Она взглянула на холм, там за крестьянскими домами лежал лес, окружавший ее дом и словно звавший к себе яркой зеленью. И она пошла туда, но, подойдя к деревьям, в растерянности остановилась. Зачем же она идет, подумала она, ведь это безумие — возвращаться на пепелище и заново переживать обрушившееся на нее горе. И все-таки нужно идти. Надо пойти и посмотреть, не осталось ли что-нибудь на вилле «Летиция». Больше уже никогда у нее не найдется сил сделать такое.

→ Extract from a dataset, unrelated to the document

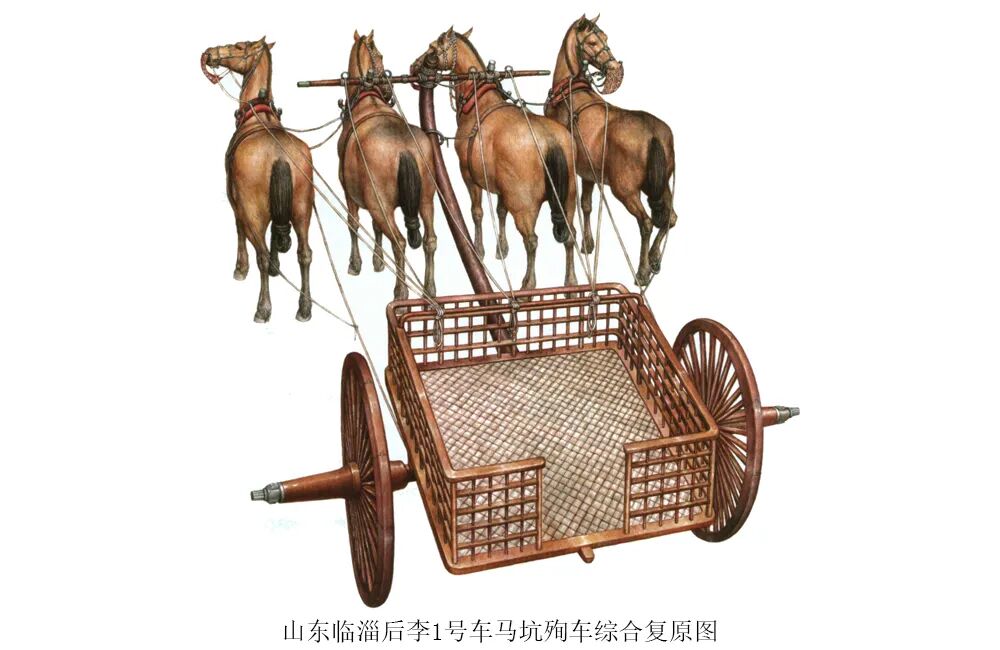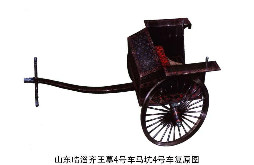 1978年在山东淄博市临淄区大武乡齐故城遗址附近发掘出西汉齐王墓,内置四辆车13匹马,三辆大型车排列在墓内东南的4号车马坑的西端,1辆小型车单独置于坑东端。大车都已朽毁,地面仅能辨别出最上层的伞盖痕迹,轮舆等大部分结构已无法清理,只能从散落的铜饰和漆皮大致确定车的轮、衡、辀的位置,只有4号车因车舆厢板是以木条与藤条编织的方格网做底,外面涂抹类似谷糠、骨末和白灰状物质混合成的泥子,再贴附麻布,并加以髹漆的缘故,所以没有朽坏,出土时依然立于坑内。这辆车车身低矮,车型小,独,车衡很短,也不见车轭,车厢的前半部设有车座,车舆外侧和车耳顶面用红、白、绿、蓝四色彩绘,车辆上也绘有38道红色带纹,装饰华丽,疑是又一辆用人驾挽的辇车(图 山东临淄齐王墓4号车马坑4号车复原图)。齐王墓墓主为刘襄,葬于汉文帝元年,这座墓在西汉诸侯墓中年代最早。

Она медленно прошла в тень под каштанами. И сразу же почувствовала прохладу. Сколько раз прежде гуляла она по этому лесу! Как любила его тенистый покой, лишь иногда нарушаемый гомоном птиц! Особенно нравилось пение дроздов, оно всегда было на такой высокой ноте, такое праздничное.
Придерживая платье, направилась вверх по холму. Она пройдет лугом, сократит дорогу. Трава подросла, и уже не осталось следов от копыт лошадей тех бандитов, что уничтожили ее дом. Она остановилась перевести дыхание. Природа умнее человека, она быстро стирает нанесенную ей обиду. Вот так должны поступать и люди, только так, а не иначе, тогда не дошли бы до смертельной ненависти, до войн, до бесчестья.
Она сделала еще несколько шагов, то и дело останавливаясь и рассматривая деревья, вспоминая, как прогуливалась тут когда-то вместе с Джулио! Теперь она смотрела вокруг не так радостно, как прежде, желая понять, изменилось ли что-нибудь. Вот тут, где тропинка сворачивала и прежде росли эти кусты, всё по-прежнему. Лес выглядел буйным, цветущим, как всегда, в разгар лета, чудесный лес!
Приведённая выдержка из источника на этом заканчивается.